2022 | 2023 | 2024 | 3-year average | |
---|---|---|---|---|
Total PC&B (proportion of costs) | $931,302,114 | $1,040,590,183 | $1,139,962,844 | |
Total Costs | $1,480,601,875 | $1,686,733,841 | $1,772,198,497 | |
PC&B percent | 62.9002% | 61.6926% | 64.3248% | 62.9725% |
The payroll adjustment is 5.4494 percent from table 1 multiplied by 62.9725 percent from table 2 resulting in 3.4316 percent.
The statute specifies that the portion of the inflation adjustment for non-payroll costs is the average annual percent change that occurred in the Consumer Price Index (CPI) for urban consumers (Washington-Arlington-Alexandria, DC-VA-MD-WV; Not Seasonally Adjusted; All items; Annual Index) for the first 3 years of the preceding 4 years of available data multiplied by the proportion of all costs other than personnel compensation and benefits costs to total costs of the process for the review of human drug applications (as defined in section 735(6)) for the first 3 years of the preceding 4 fiscal years (see section 736(c)(1)(A) and (B)(ii)). Table 3 provides the summary data for the percent changes in the specified CPI for the Washington-Arlington-Alexandria area. 3
Footnotes:
3 ?The data are published by the Bureau of Labor Statistics and can be found on its website at: https://data.bls.gov/pdq/SurveyOutputServlet?data_tool=dropmap&series_id=CUURS35ASA0,CUUSS35ASA0.
2022 | 2023 | 2024 | 3-year average | |
---|---|---|---|---|
Annual CPI | 296.117 | 305.317 | 315.186 | |
Annual Percent Change | 6.6212% | 3.1069% | 3.2324% | 4.3202% |
The statute specifies that this 4.3202 percent be multiplied by the proportion of all costs other than PC&B to total costs of the process for the review of human drug applications obligated. Because 62.9725 percent was obligated for PC&B (as shown in table 2), 37.0275 percent is the portion of costs other than PC&B (100 percent minus 62.9725 percent equals 37.0275 percent). The non-payroll adjustment is 4.3202 percent times 37.0275 percent, or 1.5997 percent.
Next, we add the payroll adjustment (3.4316 percent) to the non-payroll adjustment (1.5997 percent), for a total inflation adjustment of 5.0313 percent (rounded) for FY 2026.

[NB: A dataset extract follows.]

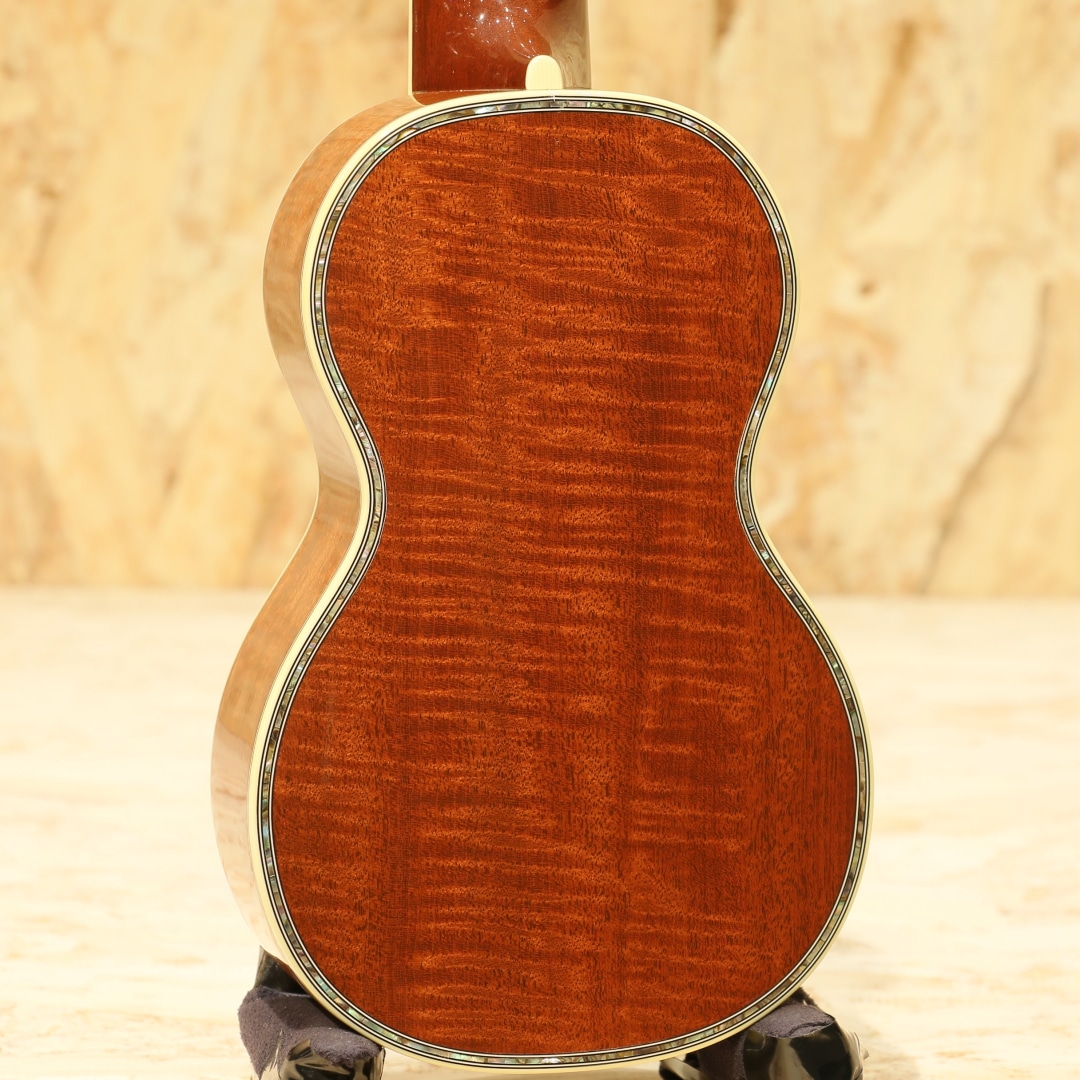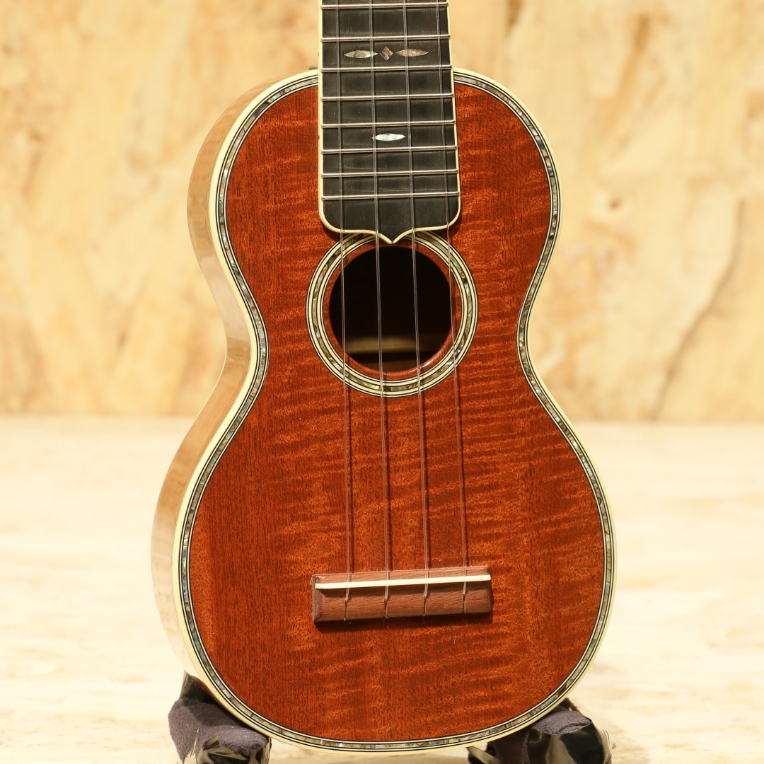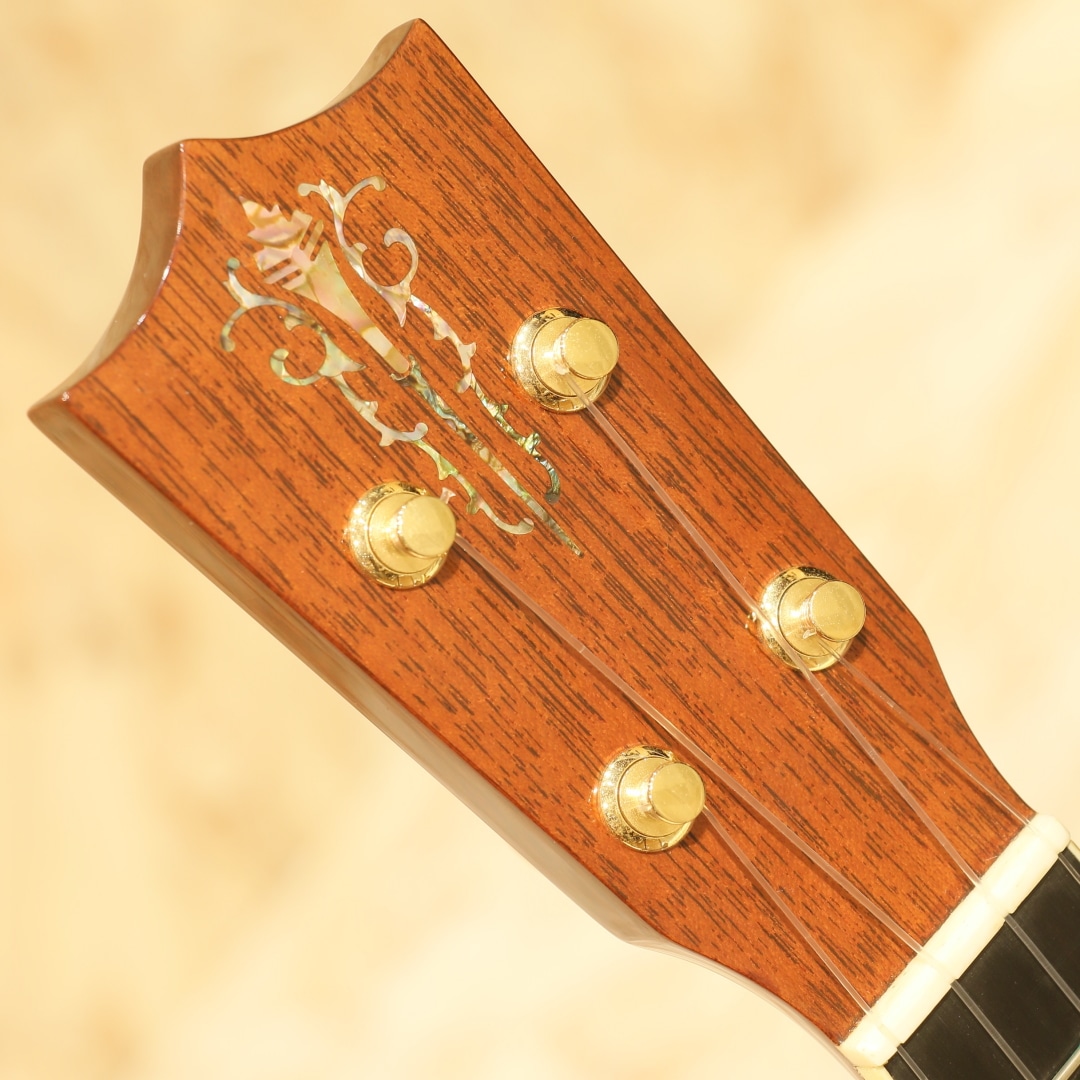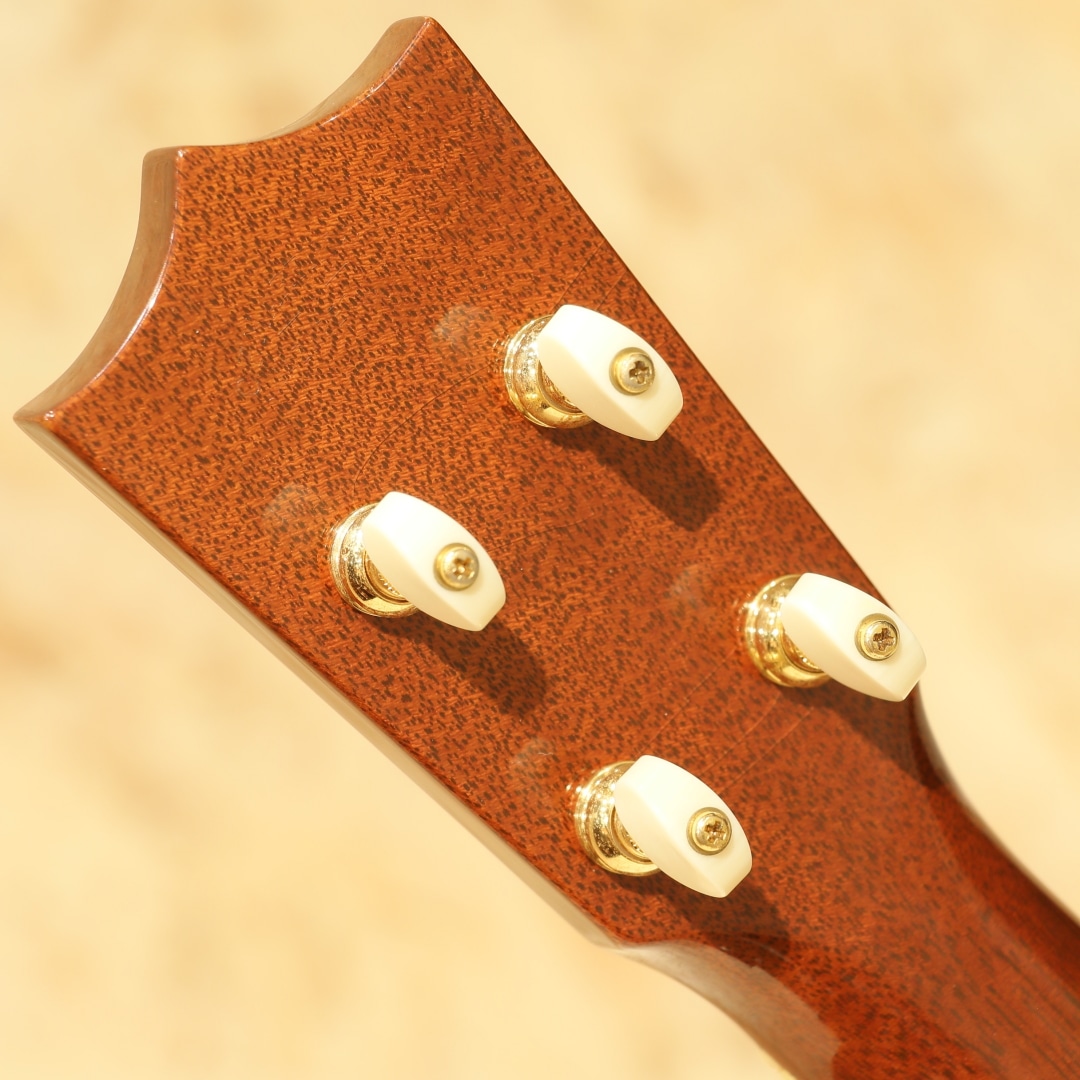 100年を超える歴史を持つマーチンウクレレ。ギターだけでなく、ウクレレにもファンの多いブランドです。本器は1930年代マーティン三世が妻のデイジーのために特別に最高級キューバンマホガニーボディでつくった"オリジナル・デイジー"を再現した特別なウクレレの精巧な復刻版。”5 Daisy”2007年製USED品です。ボディにはフレイムマホガニーが採用されていますが、特別なモデルに相応しい見事な素材でトップとバックはワンピース材です。エボニー指板、マホガニーブリッジ、オリジナルゴトーフリクションペグ(アイボロイドノブ)、フレイムマホガニー化粧板、フラワーポッドヘッドインレイ、スノーフレークス指板インレイ、アバロンロゼッタ&トリム、アイボロイドバインディング、グロスフィニッシュ。良質の素材が生み出す品のある音色に、スタイル5の飾りを踏襲した豪奢なルックスの限定生産品。ボディの中にはこのモデルのためのモデルシリアル入りインナーラベルがあります。ソプラノサイズの小さなボディからは想像できないボリューム、あたたかな響きのマホガニーサウンド。明瞭で艶のあるトーンながら心地よく耳に馴染む優しい響きと、ソプラノらしいコロンと軽やかな雰囲気も持ち合わせずっと鳴らしていたくなるような気持ちの良い音色です。ヘッド裏ペグ間にウェザーチェックと呼ばれるヒビが入っておりますが、このひび割れは気温や湿度の変化による木材と塗装面の伸縮率の違いにより生じるものであくまで塗装面がひび割れているだけで、木材は無傷です。その他には光にかざせば視認できる擦れキズがある程度。ネックの状態含めプレイコンディションも良好です。2007年に限定100本(SN:44/100)製作されたなかなか市場に出回らない希少なウクレレ。お探しだった方はどうぞご検討下さい。オリジナルハードケースが付属します。

We then multiply the base revenue amount for FY 2026 ($1,434,377,467) by 5.0313 percent, which produces an inflation adjustment amount of $72,167,833. Adding this amount to the base revenue amount yields an inflation-adjusted base revenue amount of $1,506,545,300.
Fee | Amount |
---|---|
Statutory Fee Revenue Base Amount (section 736(b)(3) of the FD&C Act) | $1,434,377,467 |
Inflation Adjustment (section 736(c)(1) of the FD&C Act) | 72,167,833 |
Revenue Amount after Adjustments in sections 736(c)(1) of the FD&C Act | 1,506,545,300 |
B. FY 2026 Strategic Hiring and Retention Adjustment
For each fiscal year, after the annual base revenue established in section II is adjusted for inflation in accordance with section II.A, the statute directs FDA to further increase the fee revenue and fees to support strategic hiring and retention. For FY 2026, this amount is $4,000,000 (see section 736(c)(2)(A) of the FD&C Act).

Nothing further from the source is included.